Collected data entries:
--

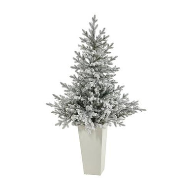 57" Flocked Fraser Fir Artificial Christmas Tree with 300 Warm White Lights and 967 Bendable Branches in Tower Planter
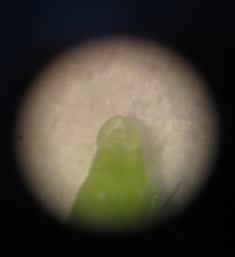 そんな声が聞こえてきそうな感じです。ちなみに一生懸命見ているのはこれです↓茎頂分裂組織です!
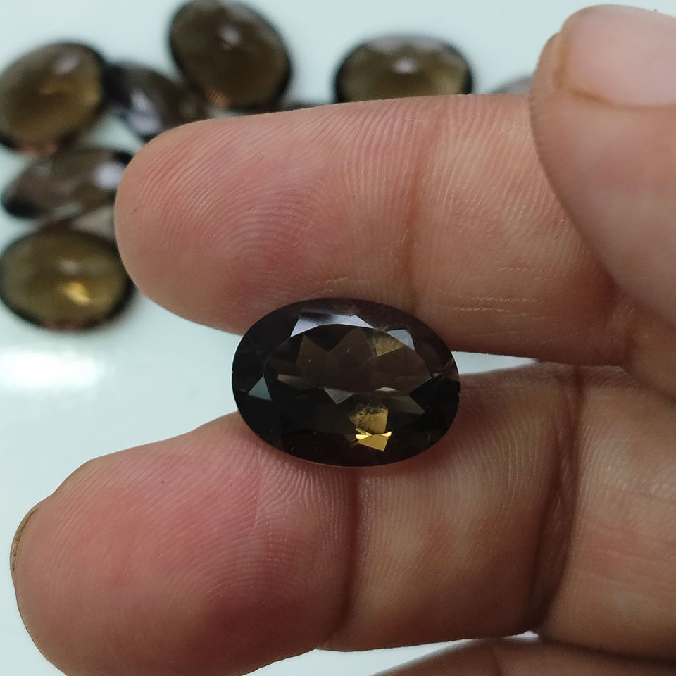 ควอตซ์สโมคกี้ธรรมชาติ 16x12 มม. รูปทรงวงรี คุณภาพดีที่สุด พลอยเม็ดเดี่ยวสำหรับทำเครื่องประดับ
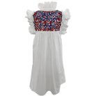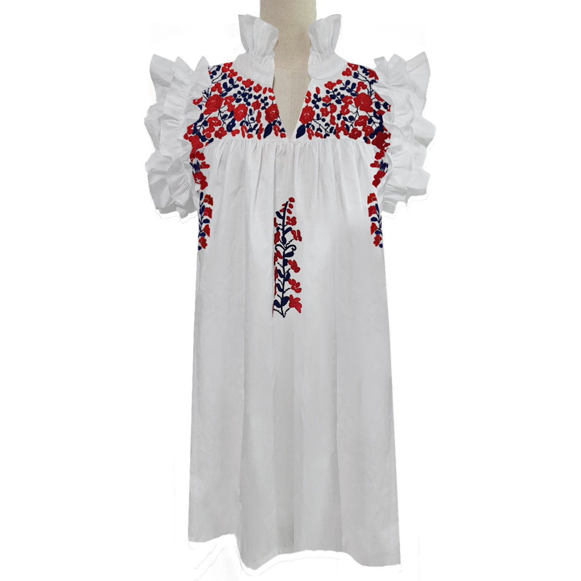 Crisp white cotton dress featuring a high ruffle collar, v-neck collar, triple ruffled short sleeves, and POCKETS. With even more embroidery than our traditional Hummingbird, this blouse is perfect for showing off your patriotic spirit in red, white, and blue.
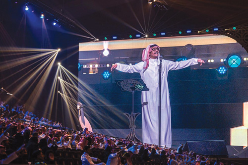 وقدّم رابح صقر خلال الحفل مجموعة من أشهر أعماله التي تفاعل معها الجمهور منذ اللحظات الأولى، حيث صدحت أروقة المسرح بأغنيات أصبحت جزءاً من ذاكرة الأغنية الخليجية، من بينها «أنت ملك» و»يحبونه» و»غرام أطفال» و»لا تمنن»، وسط ترديد واسع من الحضور الذين شاركوا الفنان أداء عدد من المقاطع في أجواء حماسية.
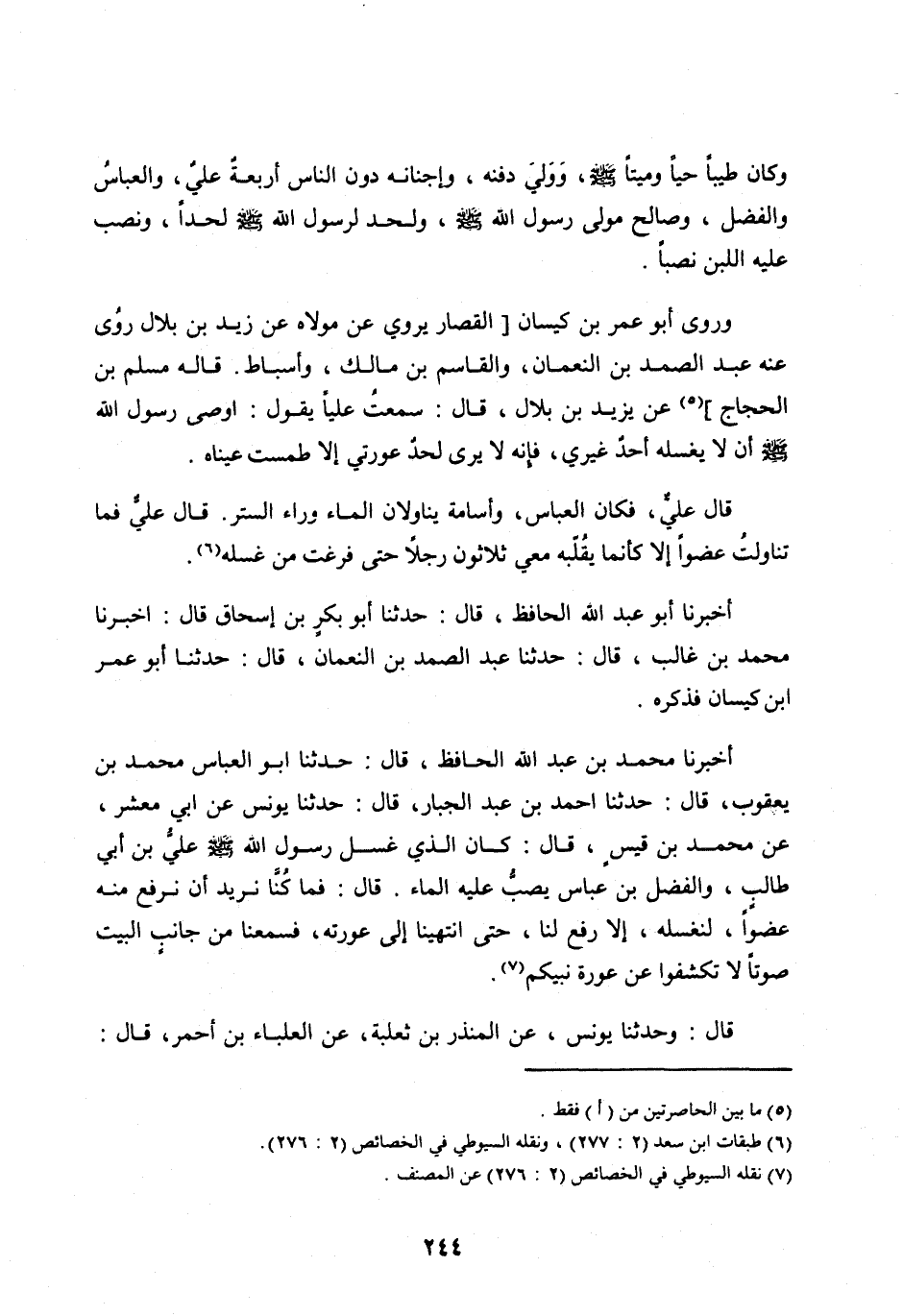 أَخْبَرَنَا مُحَمَّدُ بْنُ عَبْدِ اللهِ الْحَافِظُ، قَالَ: حَدَّثَنَا أَبُو الْعَبَّاسِ مُحَمَّدُ بْنُ يَعْقُوبَ، قَالَ: حَدَّثَنَا أَحْمَدُ بْنُ عَبْدِ الْجَبَّارِ، قَالَ: حَدَّثَنَا يُونُسُ عَنْ أَبِي مَعْشَرٍ، عَنْ مُحَمَّدِ بْنِ قَيْسٍ، قَالَ: كَانَ الَّذِي غَسَّلَ رَسُولُ اللهِ صَلَّى الله عليه وَسَلَّمَ عَلِيُّ بْنُ أَبِي طَالِبٍ، وَالْفَضْلُ بْنُ عَبَّاسٍ يَصُبُّ عَلَيْهِ الْمَاءَ. قَالَ: فَمَا كُنَّا نُرِيدُ أَنْ نَرْفَعَ مِنْهُ عُضْوًا، لِنَغْسِلَهُ، إِلَّا رُفِعَ لَنَا، حَتَّى انْتَهَيْنَا إِلَى عَوْرَتِهِ، فَسَمِعْنَا مِنْ جَانِبِ الْبَيْتِ صَوْتًا لَا تَكْشِفُوا عَنْ عَوْرَةِ نَبِيِّكُمْ [ (7) ] .

--

Instructions for the task =>
Write out all the data exactly, minus pictures.

Task answer =>
 57" Flocked Fraser Fir Artificial Christmas Tree with 300 Warm White Lights and 967 Bendable Branches in Tower Planter
 そんな声が聞こえてきそうな感じです。ちなみに一生懸命見ているのはこれです↓茎頂分裂組織です!
 ควอตซ์สโมคกี้ธรรมชาติ 16x12 มม. รูปทรงวงรี คุณภาพดีที่สุด พลอยเม็ดเดี่ยวสำหรับทำเครื่องประดับ
 Crisp white cotton dress featuring a high ruffle collar, v-neck collar, triple ruffled short sleeves, and POCKETS. With even more embroidery than our traditional Hummingbird, this blouse is perfect for showing off your patriotic spirit in red, white, and blue.
 وقدّم رابح صقر خلال الحفل مجموعة من أشهر أعماله التي تفاعل معها الجمهور منذ اللحظات الأولى، حيث صدحت أروقة المسرح بأغنيات أصبحت جزءاً من ذاكرة الأغنية الخليجية، من بينها «أنت ملك» و»يحبونه» و»غرام أطفال» و»لا تمنن»، وسط ترديد واسع من الحضور الذين شاركوا الفنان أداء عدد من المقاطع في أجواء حماسية.
 أَخْبَرَنَا مُحَمَّدُ بْنُ عَبْدِ اللهِ الْحَافِظُ، قَالَ: حَدَّثَنَا أَبُو الْعَبَّاسِ مُحَمَّدُ بْنُ يَعْقُوبَ، قَالَ: حَدَّثَنَا أَحْمَدُ بْنُ عَبْدِ الْجَبَّارِ، قَالَ: حَدَّثَنَا يُونُسُ عَنْ أَبِي مَعْشَرٍ، عَنْ مُحَمَّدِ بْنِ قَيْسٍ، قَالَ: كَانَ الَّذِي غَسَّلَ رَسُولُ اللهِ صَلَّى الله عليه وَسَلَّمَ عَلِيُّ بْنُ أَبِي طَالِبٍ، وَالْفَضْلُ بْنُ عَبَّاسٍ يَصُبُّ عَلَيْهِ الْمَاءَ. قَالَ: فَمَا كُنَّا نُرِيدُ أَنْ نَرْفَعَ مِنْهُ عُضْوًا، لِنَغْسِلَهُ، إِلَّا رُفِعَ لَنَا، حَتَّى انْتَهَيْنَا إِلَى عَوْرَتِهِ، فَسَمِعْنَا مِنْ جَانِبِ الْبَيْتِ صَوْتًا لَا تَكْشِفُوا عَنْ عَوْرَةِ نَبِيِّكُمْ [ (7) ] .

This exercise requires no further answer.